The problem with our debt culture is this: It is a recent construct that evolved in an era of steady employment - where perpetual paychecks or pension checks could make loan payments until the day you died. Along the way, a few things changed, and somebody forgot to tell the general population that the old ways don't work anymore.
To begin with, jobs are no longer guaranteed. Our friends who work for the school district were pretty secure in their jobs. But for people in the private sector, things have changed. You are quite likely to be laid off at age 55 - or see your company fold up, slim down, or close a division. It happens a lot these days and many folks are not ready for retirement and still mired in debt - with little in the way of savings.

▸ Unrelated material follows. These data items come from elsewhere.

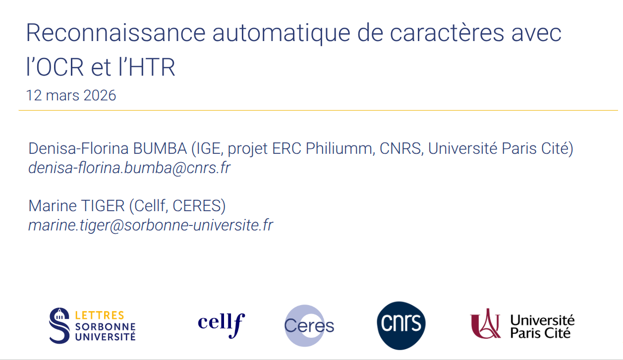 L’objectif de cet atelier est de présenter les différentes étapes dans la reconnaissance de texte imprimé ou manuscrit, de la préparation du corpus à la pratique avec eScriptorium.
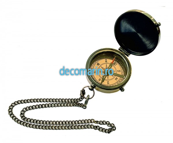 Busola din alama antichizata cu capac si lant
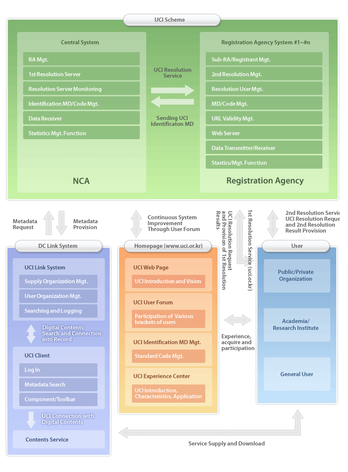 UCI system consists of a central system, registration and management system and digital contents link system. The Central system is in charge of registration agency, identification metadata and 1st resolution service. The registration and management system takes care of sub registration agency, registrant management, metadata management and 2nd resolution service (Including 3rd resolution service). The digital contents link system (Hereinafter UCL) supports reference and possible linkage between digital contents through UCI link by providing search function of the digital contents registered through UCL Client. The overall system architecture is as follows
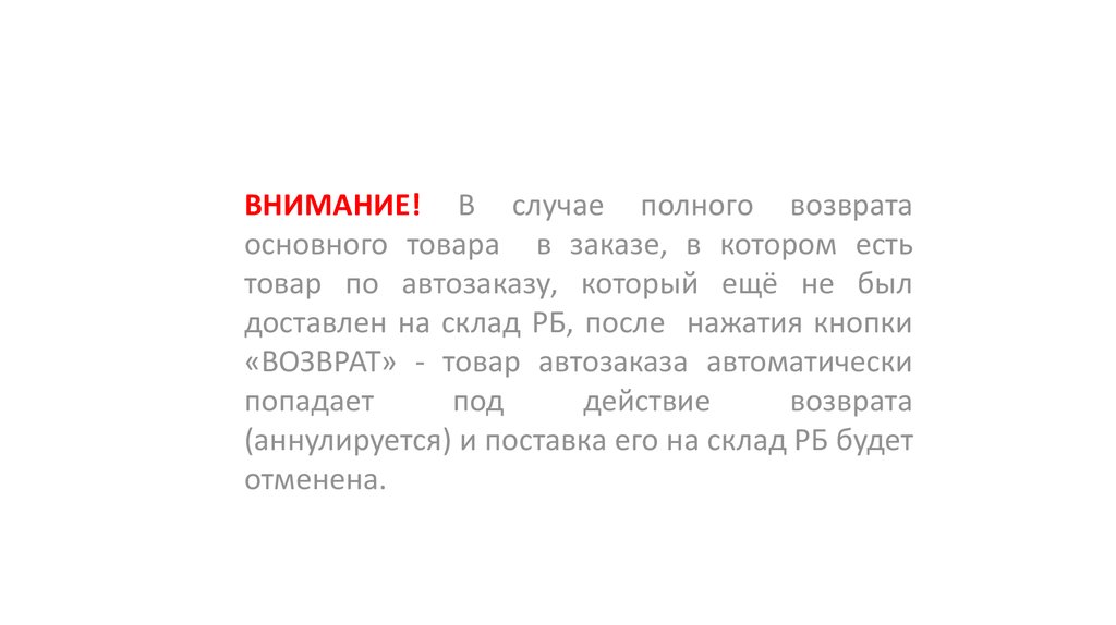 «ВОЗВРАТ» - товар автозаказа автоматически
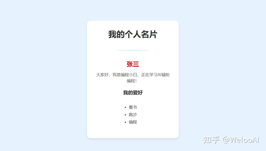需求指令:帮我写一个简单的个人信息展示页面,用HTML和CSS实现,具体要求如下:1. HTML文件命名为index.html,CSS文件命名为style.css,两个文件要关联起来;2. 页面内容包括:顶部标题"我的个人名片"、圆形头像(用网络图片链接,比如https://example.com/avatar.jpg,可自行替换)、姓名(比如"张三")、个人简介(比如"大家好,我是编程小白,正在学习AI辅助编程!")、爱好列表(比如"看书、跑步、编程");3. 样式要求:页面背景为浅蓝色,个人信息放在白色卡片中,卡片居中显示,有圆角和阴影,文字居中对齐,姓名用红色粗体,爱好列表用圆点样式;4. 给代码加上详细注释,解释关键部分的作用,方便小白理解。
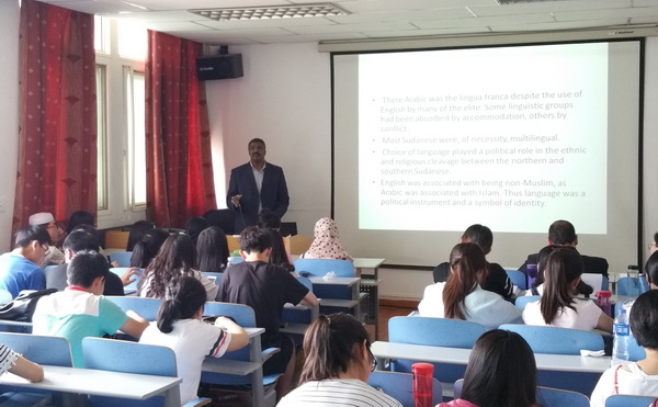 穆盖德姆教授在讲座中向同学们介绍了苏丹的社会历史、地理环境、政治文化、教育状况、人口及宗教分布情况,重点讲到了苏丹阿拉伯语的特点、当地方言与阿拉伯语的关系,以及阿拉伯语的发展状况。在随后的提问环节气氛热烈,同学们踊跃提问,并得到了教授精彩清晰的解答。
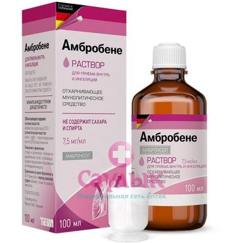 Купить АМБРОБЕНЕ Р-Р Д/ПРИЕМА ВНУТРЬ И ИНГАЛ. 7.5МГ/МЛ 100МЛ №1 В КОМПЛЕКТЕ СО СТАКАНЧИКОМ МЕРНЫМ в Казани
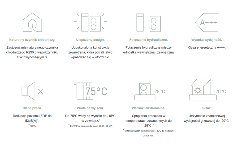 Nowy system wykorzystuje ekologiczny czynnik chłodniczy R290 do ogrzewania, chłodzenia oraz podgrzewania wody użytkowej, minimalizując negatywny wpływ na środowisko. Przeprojektowane jednostki zewnętrzne zapewniają jeszcze lepszą wydajność operacyjną, nawet w ekstremalnie niskich temperaturach.
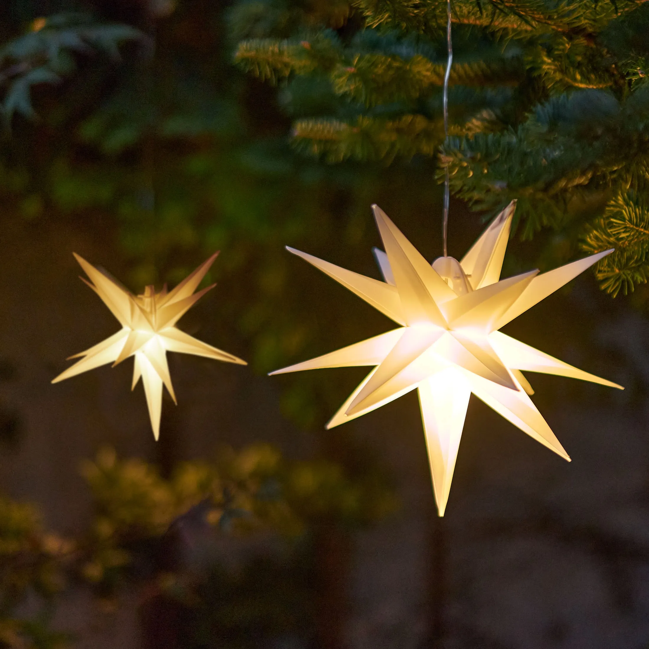 Weihnachtliche Stimmung ganz ohne Stromkosten! Dieses Set mit zwei Solar-Weihnachtssternen in 30 und 40 cm Größe bringt festlichen Glanz in deinen Garten. Aus robustem Metall mit 134 bzw. 180 warmweißen LEDs (2800K). Die Solarmodule mit Li-Ion Akku laden tagsüber auf, bei Dämmerung leuchten die Sterne automatisch bis zu 10 Stunden. Wetterfest mit IP44 - halten auch bei Frost stand. Mit Erdspießen und Aufhängungsöse für flexible Montage. Kabellänge je 5 Meter. Schafft eine gemütliche Weihnachtsatmosphäre im ganzen Garten!
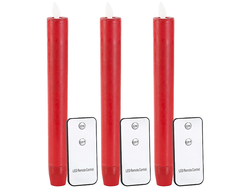 - 3er-Set LED-Stabkerze inklusive Fernbedienung mit Knopfzelle (CR2025) und deutscher Anleitung – Wachs Kerzen, Flammenlose – Außerdem relevant oder passend zu: Docht, Advent, Pyramidenkerzen, Fernbedienungen
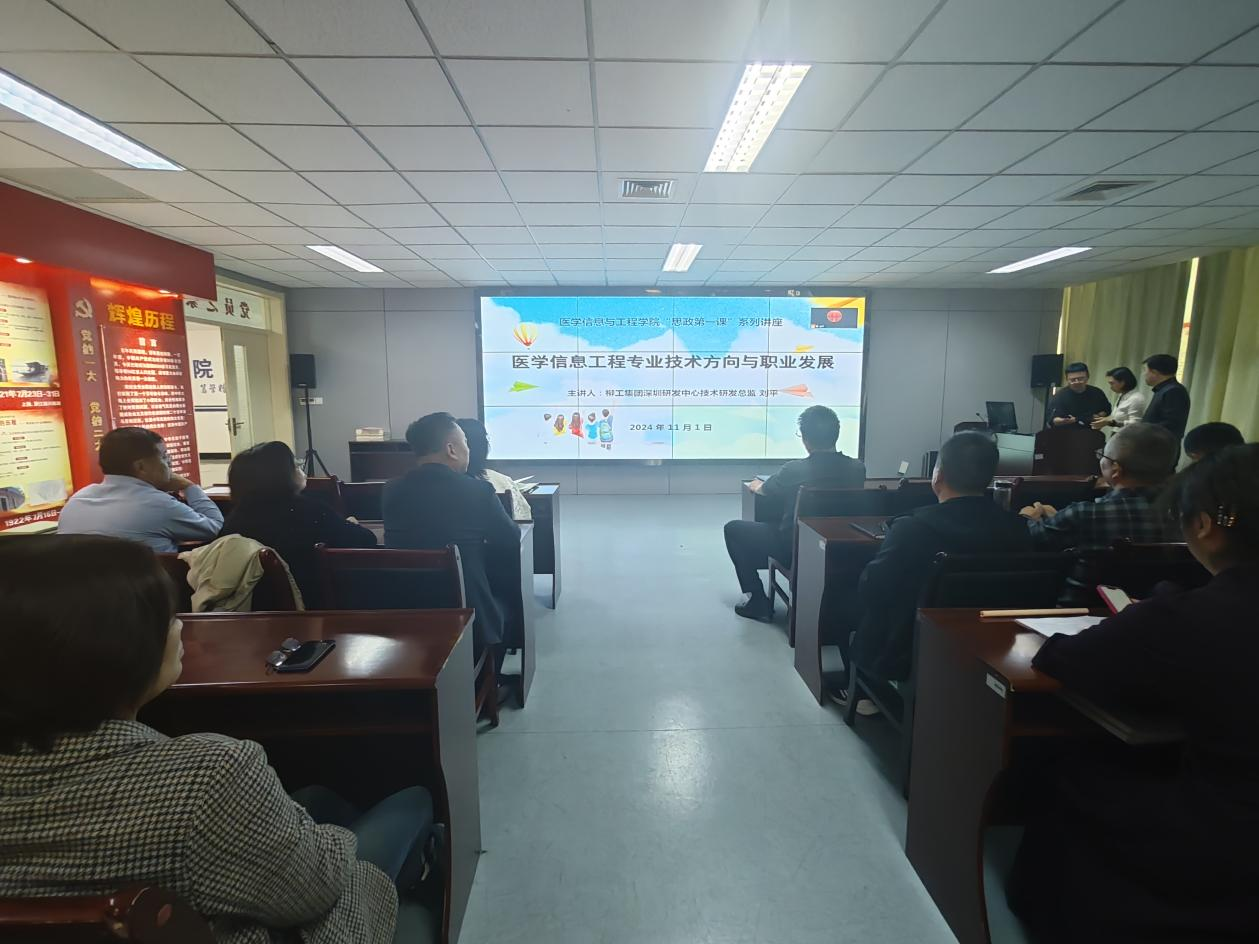 学院邀请2024级医学信息工程班学生家长—中国科学院大学计算机应用学硕士刘平先生以“医学信息工程技术方向及职业发展前景”为题展开讲座,其内容涵盖了对于医学信息工程专业的定义,专业方向理解,计算机视觉、大数据、人工智能领域的一系列原理和应用,为同学们未来发展提出多方面建议和指导,并通过具体实例向教师及学生展示本专业的发展前景及重要应用场所,使得教师及学生有更深的了解,并及时掌握相关专业的动向。
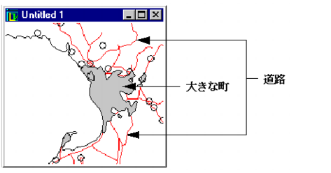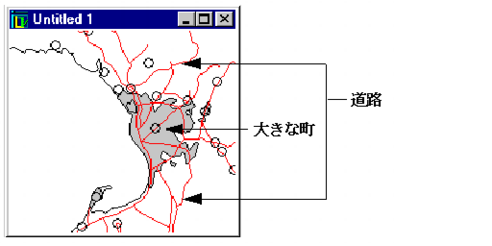 「凡例 (Legend)」ウィンドウの「レイヤー」リスト・ボックスのもっとも下にあるレイヤーが、ビューで最初に表示されるレイヤーです。リスト・ボックスの下から 2 番目のレイヤーは、2 番目に表示されるレイヤーで、その内容は先頭のレイヤーのオブジェクトで隠れる場合があります。バッファーにある地図の場合、道路レイヤーは大きな町のレイヤーの下にあります。
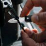 Designed in their London studio by an ex-Dyson engineer, these first-of-their-kind mechanisms are precision wire-cut from a single solid block of titanium using a highly technical process called electro-discharge machining.
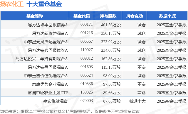 根据2025基金Q3季报公募基金重仓股数据,重仓该股的公募基金共41家,其中持有数量最多的公募基金为易方达基金的易方达裕丰回报债券A。易方达裕丰回报债券A目前规模为169.69亿元,最新净值1.912(11月3日),较上一交易日上涨0.16%,近一年上涨7.6%。该公募基金现任基金经理为张清华。张清华在任的基金产品包括:易方达安心回报债券A,管理时间为2013年12月23日至今,期间收益率为263.84%;易方达丰和债券A,管理时间为2016年11月23日至今,期间收益率为59.22%;易方达安盈回报混合A,管理时间为2017年2月16日至今,期间收益率为157.85%。
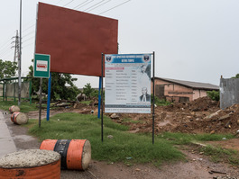 Ghana. Tema. 2016. 'Make More' construction sign on road to Tema...

And is funny, because back when I entered the job market, government employment was not seen as that good a deal. Teachers were really underpaid back then, and government employees were not paid at the same rate as in the private sector - where competition for workers drove up prices. But that changed, and today, there are more workers than jobs, in many sectors, and wages are stagnant. But in the interim, government workers' salaries have climbed - including those of the lowly underpaid teachers. And now, being a retired schoolteacher is a far better gig than being a retired Engineer! How times have changed. Maybe it won't be so hard maybe to find a good Science or Math teacher, these days.
But of course, that will change too. The strikes, recall election, and new anti-union legislation in Wisconsin was not an anomaly. Property taxes are skyrocketing and homeowners cannot pay them. This does not bode well for the future of pensions.
Getting back to our topic, however, there is a second way the rules have changed, and it is not much talked about. Our generation - the 401(k) generation - is set to retire, and retire on a fixed income based on a fixed amount of savings. Many if not most are looking at retirement and realizing they do not have as much saved as they would like to have. Others simply have no clue - thinking that $50,000 or $100,000 is "a lot of money" to have saved up, and not just 2-4 years of income. The reality of our generation is that you pretty much have to be a Millionaire to retire comfortably - and future generations will have to be Millionaires by retirement, if they want to live at all.
And part and parcel of this is having little or no debt in retirement. If you retire with debt, then you have to withdraw more money from your 401(k) or IRA to pay these debts. This knocks you into a higher tax bracket, and defeats the point of the 401(k) or IRA. Not only that, it dwindles down your savings at an alarming rate.
But again, no one told the great masses about this change. The television still hypes monthly payment and loans and debt. And the media tells us that we should obsess about our credit score and our ability to borrow - and that refinancing debts over and over again is a "smart move". There is a disconnect between what our society teaches and what it expects.
Being debt-free is so alien to our culture that you are viewed as a heretic or a kook if you suggest it. My Fidelity "adviser" who is in his 30's with a mortgage, car payments, and the whole nine yards, doesn't understand why I would want to pay off my mortgage instead of having monthly payments. But I am close to retirement and he isn't. Will he be in debt when he retires? I suspect he will - he buys into the debt culture idea and chases after the almighty deduction as if it were wealth.
It may take a while before people figure out that the 401(k) culture - a culture of owning money and acquiring wealth conflicts completely with our debt culture which is a culture of weekly paychecks and monthly payments.
And sadly, most folks will likely never figure this out.